We note that you had material volumes of proved undeveloped reserves (“PUDs”) held for more than five years in Trinidad and the Gulf of Mexico as of December 31, 2013. Please tell us about the quantity of PUDs held in the Gulf of Mexico that have been on your books for more than five years and address any other PUDs held in the Gulf of Mexico that are not scheduled to be converted to proved developed status within five years of initial booking. As part of your response, please describe the drilling program associated with these PUDs. In addition, please quantify the total estimated cost associated with the conversion of these reserves and the amount incurred through December 31, 2013. Refer to Item 1203(d) of Regulation S-K.

Response:
BP has a total of 1,196 mmboe of proved reserves in our Gulf of Mexico portfolio as of December 31, 2013 (YE2013).  Of these, 764 mmboe (64%) are currently undeveloped; this volume makes up less than 5% of BPs total proved reserves portfolio.  We have a total of 259 mmboe of proved undeveloped (PUD) reserves which have been on our books for longer than five years; this volume makes up less than 2% of BP’s total proved reserves portfolio. This volume has reduced from 333 mmboe at December 31, 2012.  These PUD reserves are all associated with long term infrastructure projects, which BP has a successful track record of completing within the Gulf of Mexico and internationally.
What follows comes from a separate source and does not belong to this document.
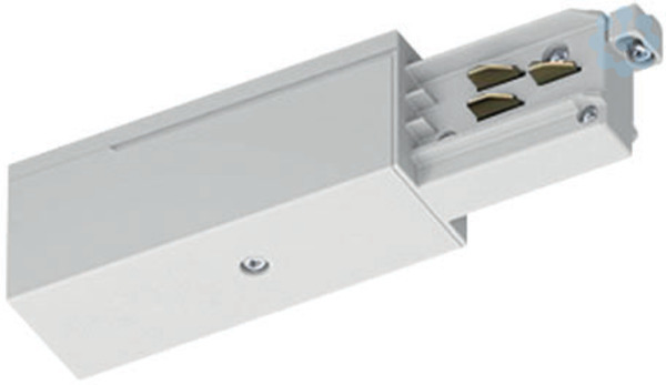 Endeinspeiser mit Polarität links, Material: Polycarbonat, kupferlegierte Kontakte, max. elektrische Belastung: Wechselstromnetz 3.6 kVA, Drehstromnetz 3 x 3.6 kVA = 10.8 kVA, Nennstrom und Nennspannung: 16 A / 440 V (1 A / 50 V AC FELV), werkzeuglose Einrastbefestigung, Schraubkontakte mit Mutter Normen: CE, ENEC, RoHS Abmessungen (LxBxH): 95 x 32 x 38 mm

Development of PUD reserves in the Gulf of Mexico nearly always takes longer than five years from the date of their initial booking.  Gulf of Mexico PUD reserves are associated with large scale projects where external factors including harsh deepwater offshore operating environments, result in development plans requiring more than five years to complete.  Development durations are a consequence of:

 
·
the significant time required to finalise design, construct and install facilities;

 
·
the fact that drilling from facilities with integrated rigs can only commence after installation of such facilities is complete;

 
·
a typical two year development time for a single well to be planned and drilled;

 
·
the limited number of rigs available on a field (typically one or two); and

 
·
the limited number of well  slots available on a facility, designed to be reused over time to complete the full development of the field.

BP has a track record of annually converting roughly 20% of our total PUD reserves on a rolling average basis.  In the Gulf of Mexico, this rate of conversion has been approximately 15% of our PUD reserves which equates to an average conversion of approximately 6.7 years. Our 2013 conversion volume was 114 mmboe, or 14% of the opening PUD balance.

 
 

 


- 6 -

BP HAS CLAIMED CONFIDENTIAL TREATMENT OF PORTIONS OF
THIS LETTER IN ACCORDANCE WITH 17 C.F.R. § 200.83
[****] Indicates that certain information contained herein has been omitted
and filed separately with the Securities and Exchange Commission.
Confidential treatment has been requested with respect to the omitted portions.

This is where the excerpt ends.